» **Exercise prompt**
Write out exactly the lines below from the one containing "Konuşmaların ardından kayıp" to the last, both ends kept, and nothing more; skip all pictures.

Raw data below:

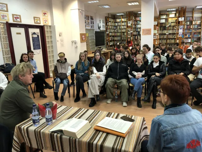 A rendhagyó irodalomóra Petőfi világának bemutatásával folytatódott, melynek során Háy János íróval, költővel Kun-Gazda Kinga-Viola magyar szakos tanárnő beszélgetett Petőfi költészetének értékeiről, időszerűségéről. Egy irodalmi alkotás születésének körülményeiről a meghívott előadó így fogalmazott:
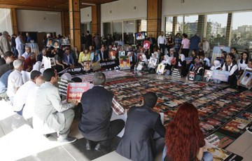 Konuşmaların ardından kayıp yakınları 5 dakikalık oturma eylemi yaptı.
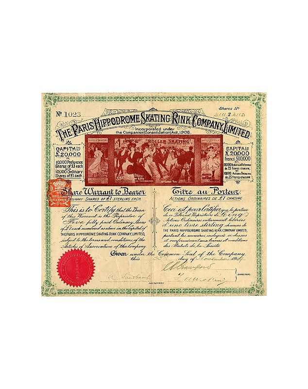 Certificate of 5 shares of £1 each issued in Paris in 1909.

End of Raw data.

» **Answer box**
 Konuşmaların ardından kayıp yakınları 5 dakikalık oturma eylemi yaptı.
 Certificate of 5 shares of £1 each issued in Paris in 1909.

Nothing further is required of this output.